= Franz Rothenbacher =

German sociologist

Franz Rothenbacher (born 14 December 1954 in Schelklingen, West Germany) is a German sociologist.

==Academic career==
Rothenbacher studied sociology at the University of Mannheim from 1975 until 1981. For the next year and a half he was research assistant at the special research group 3 Microanalytic Foundations of Social Policy, Frankfurt a.M. and Mannheim (Sonderforschungsbereich 3 Mikroanalytische Grundlagen der Gesellschaftspolitik).
From mid-1982 until 1988 Rothenbacher worked as lecturer and research fellow at the chair for sociology of Wolfgang Zapf at the Faculty for Social Sciences of the University of Mannheim. In 1988 he received a philosophers doctoral degree in sociology.
Since 1989 Rothenbacher is a social researcher at the Mannheim Centre for European Social Research (MZES) at the infrastructural department Eurodata.

==Research==
Rothenbacher in the beginning was interested in the long-term analysis of social change in Germany, also known as modernization. He analysed central long-term macrosocial processes of change in the social subsystems of family, health, housing, and in a cross-sectional perspective the structures of social inequality. He intended to apply the perspective of social reporting or of social indicators to historical processes and structures.

At the Mannheim Centre for European Social Research (MZES) Rothenbacher contributed to the implementation of the infrastructural department Eurodata and the European statistics library. The research tradition of modernization (Peter Flora) and of the territorial structuring of Europe (Stein Rokkan) formed the basis for extensive long-term and comparative data collections for the European countries which appear in the data handbook series The Societies of Europe. For this series Rothenbacher wrote both volumes on the West European and the volume on the East European population.

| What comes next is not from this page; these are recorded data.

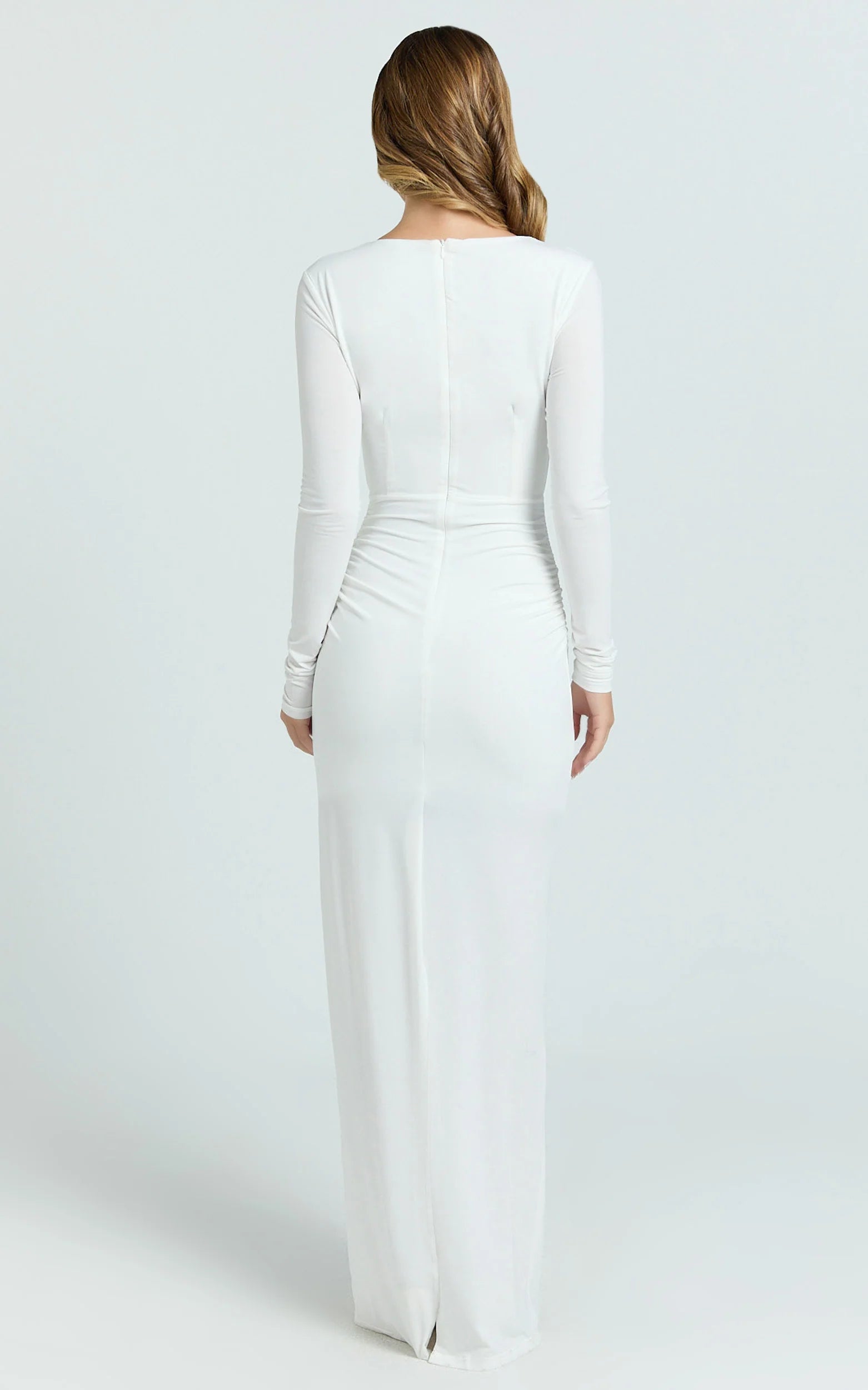The sleek maxi length hugs in all the right places, while the clean V-neck neckline and long sleeves call for luxe simplicity. Consider it your go-to for a bridal shower, dinners and formal events. Minimalist yet head-turning, it nails that femininity with a refined silhouette that feels elevated without trying.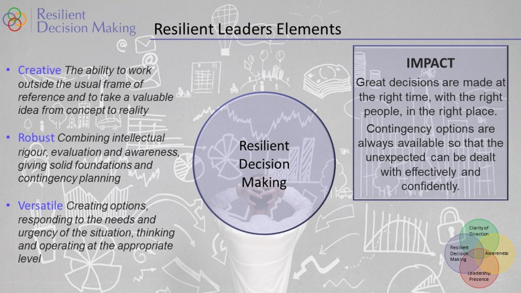 Knowing our strengths helps us to be aware of and to harness them. Through my training as a Resilient Leaders Elements consultant coach, I have spent the last 6 months reflecting on my strengths and areas for development. As part of the process you self-assess to identify your strengths across 4 elements (Clarity of Direction, Awareness, Leadership Presence and Resilient Decision-Making) and 12 facets (Strategic Intent, Unifying Purpose, Determination, Self, Others, Environment, Authentic, Serving, Intentional, Creative, Robust, Versatile).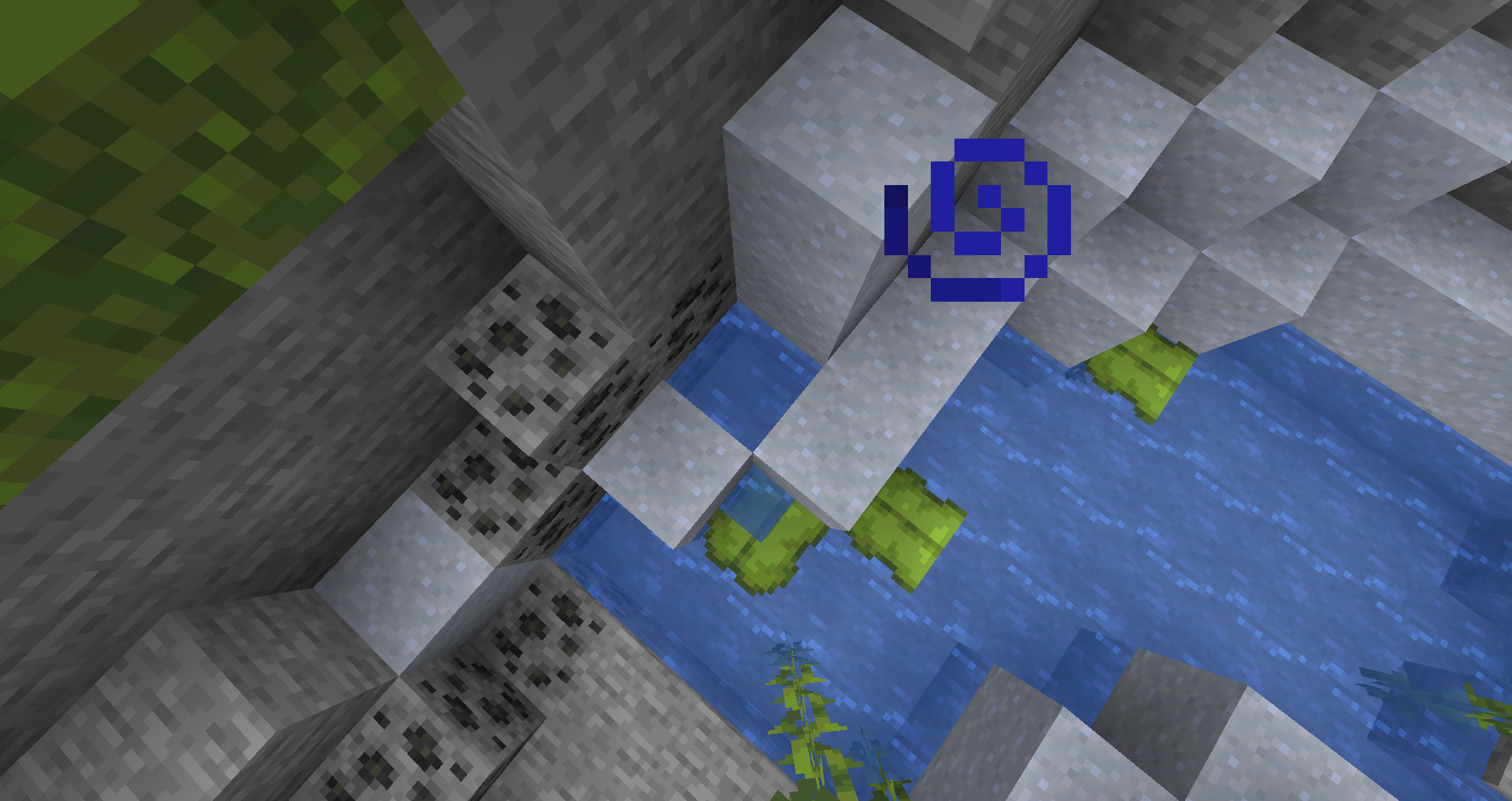 When a large dripleaf is placed diagonally to a block of water with no corner block in between, some water renders on top of the dripleaf leaf.

Other research interests of Rothenbacher include European social reporting, the comparative analysis of the European public services, and finally local historical research, as well.

==Selected works==
- Soziale Ungleichheit im Modernisierungsprozeß des 19. und 20. Jahrhunderts. (Social Inequality during the Modernization Process of the 19th and 20th Centuries). Frankfurt/New York: Campus Verlag, 1989. (395 pp.)
- (in co-operation with Peter Flora, Franz Kraus and Heinz-Herbert Noll) Social Statistics and Social Reporting in and for Europe. Bonn: InformationsZentrum Sozialwissenschaften (IZ), 1994 (Europe in Comparison – A Series of Guidebooks for the Social Sciences, ed. by Heinrich Best and Peter Flora, vol. 1). (332 pp.).
- Historische Haushalts- und Familienstatistik von Deutschland 1815–1990. (Historical Household and Family Statistics of Germany 1815–1990). Frankfurt/New York: Campus Verlag, 1997. (383 pp.).
- Statistical Sources for Social Research on Western Europe: A Guide to Social Statistics. Opladen: Leske and Budrich, 1998 (Europe in Comparison – A Series of Guidebooks for the Social Sciences, ed. by Heinrich Best and Peter Flora, vol. 6). (399 pp.).
- The European Population 1850–1945. Houndmills, Basingstoke, Hampshire, UK and New York, NY: Palgrave Macmillan, 2002 (The Societies of Europe, vol. 3). (xxviii+846 pp.+CD-ROM). Reprint 2006.
- The European Population since 1945. Houndmills, Basingstoke, Hampshire, UK and New York, NY: Palgrave Macmillan, 2005 (The Societies of Europe, vol. 4). (xxx+1,030 pp.+CD-ROM). Reprint 2006.
- The Central and East European Population since 1850. Houndmills, Basingstoke, Hampshire, UK und New York, NY: Palgrave Macmillan, 2013 (The Societies of Europe, vol. 5). (xxxii+1,491 pp.).
- (with Georg Fertig) chapter 2 ‘Bevölkerung, Haushalte und Familien’. In Thomas Rahlf (ed.), Deutschland in Daten: Zeitreihen zur Historischen Statistik. Bonn: Bundeszentrale für Politische Bildung / bpb, 2015, pp. 30–45. ISBN 978-3-8389-7133-9. Second, updated (time series to 2018) and extended edition 2022. An English edition of this text with the title Population, Households and Families can be found on the project homepage.
- (with Georg Fertig) chapter 2 ‘Bevölkerung, Haushalte, Familien’. In: Thomas Rahlf (ed.), Dokumentation zum Zeitreihensatz für Deutschland, 1834–2012. Documentation of the German Time Series Dataset, 1834-2012. Documentation for: Thomas Rahlf (Hrsg.), Deutschland in Daten: Zeitreihen der Historischen Statistik. Bonn: Bundeszentrale für Politische Bildung. Version 29 Juni 2015. Historical Social Research – Historische Sozialforschung, HSR Trans 26 (2015) v01. Köln: GESIS, 2015, pp. 69–130. .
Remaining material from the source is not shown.